C. Toro and V. Paredes ("Partial replacement of diesel oil by Enap-6 as a reducing agent in the process of obtaining anodic copper in the Potrerillo smelter", 34th Annual IIMCh Convention, November 1983, Rancagua) developed on an industrial scale and demonstrated the possibilities of using heavy oil (ENAP-6), with higher content of sulfur and low price, in the reduction of copper. J. Minoura ("Bunker fuel oil poling in the year of furnace at Kosaka smelter", 114th AIME Annual Meeting, 1985, NY, USA) describes the reduction of copper with heavy oil (Bunker C), showing the advantages and low costs compared to the reduction of copper with ammonia practiced since 1967. References related to the use of porous plugs in copper fire refining are fragmentary since in the 1980s (P. Goyal, N. Themelis and W. Zanchuk, "Gaseous refining of anode copper ", J. of Metals, Vol 34, December 1982, 22-28, P. Goyal, S. Joshi and J. Wang" Porous plug injection in anode refining furnace ", J. of Metals, Vol 35, December 1983, 52-58). The use of porous plugs was transferred from the iron metallurgy and developed immediately in the metallic casting area. Industrial applications in copper refining were first oriented to copper desulfurization by nitrogen agitation. The idea of reducing copper with hydrogen introduced through porous plugs was only investigated on a laboratory scale. The description of the industrial operation of porous plugs is presented in a letter from A, Rugby and M. Lanyi: "Porous plug in molten copper production and refining", CI '96, August 1996, 393-403. The operational practice and the proposed methods of injection, bath agitation and type of reducing agent, highlight the problems existing in the removal of oxygen from a liquid copper, such as prolonged reduction time, low efficiency of the reducing agent and emission of gases with unburned particles.

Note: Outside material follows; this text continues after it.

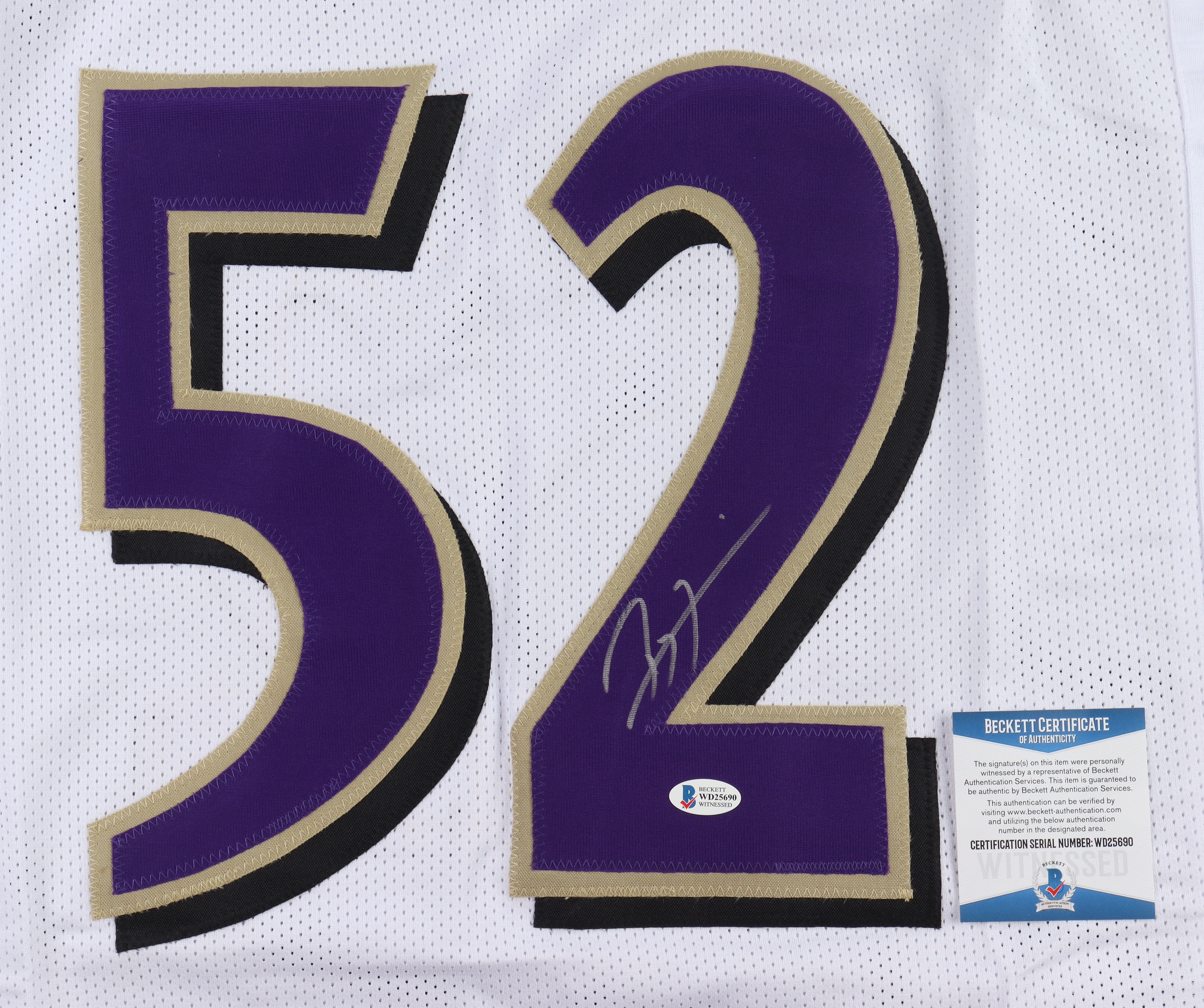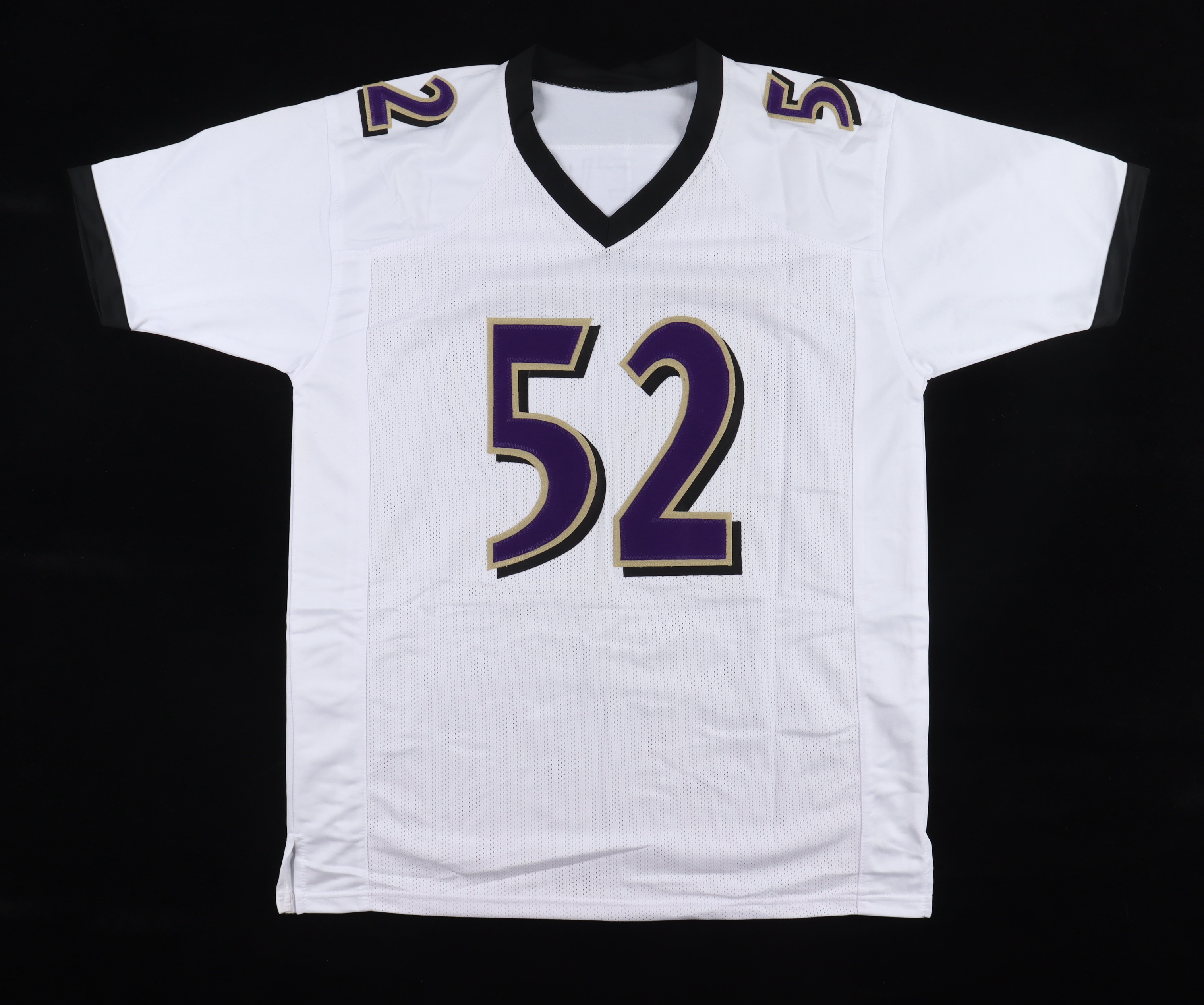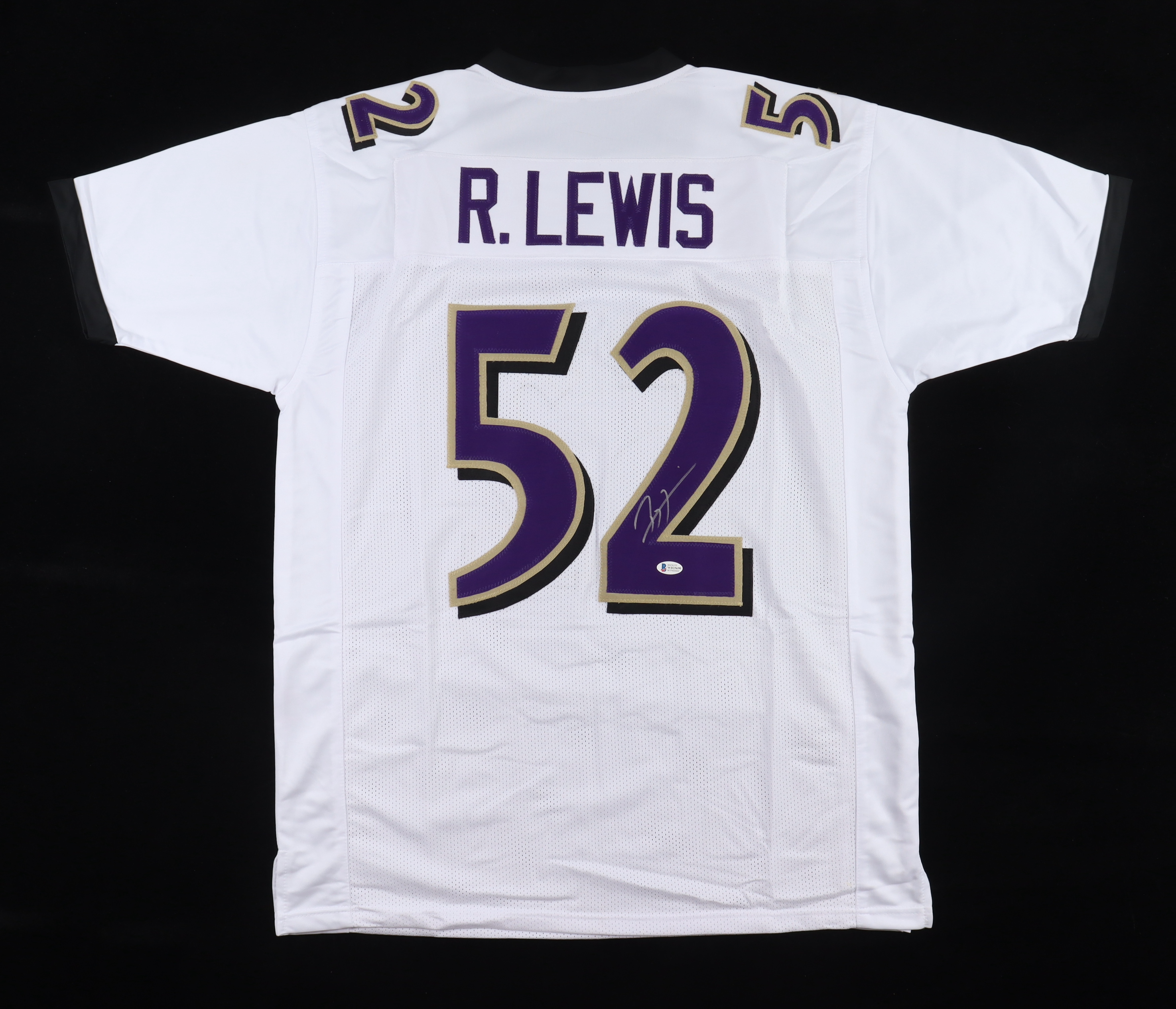 Custom jersey with everything sewn on, size XL. Hand-signed by Ray Lewis (HOF).

COMPENDIUM OF THE INVENTION It is an object of the invention to provide a new copper continuous fire refining method. This method is achieved by a method, which uses additional solid flotation of the reducing agent on the surface of the copper with simultaneous agitation of the bath by the inert gas supplied by the porous plugs.

BRIEF DESCRIPTION OF THE DRAWINGS Figure 1 is a drawing schematically illustrating the principle of continuous continuous fire refining of the unrefined copper supplied from the Mitsubishi continuous copper mat kiln conversion furnace.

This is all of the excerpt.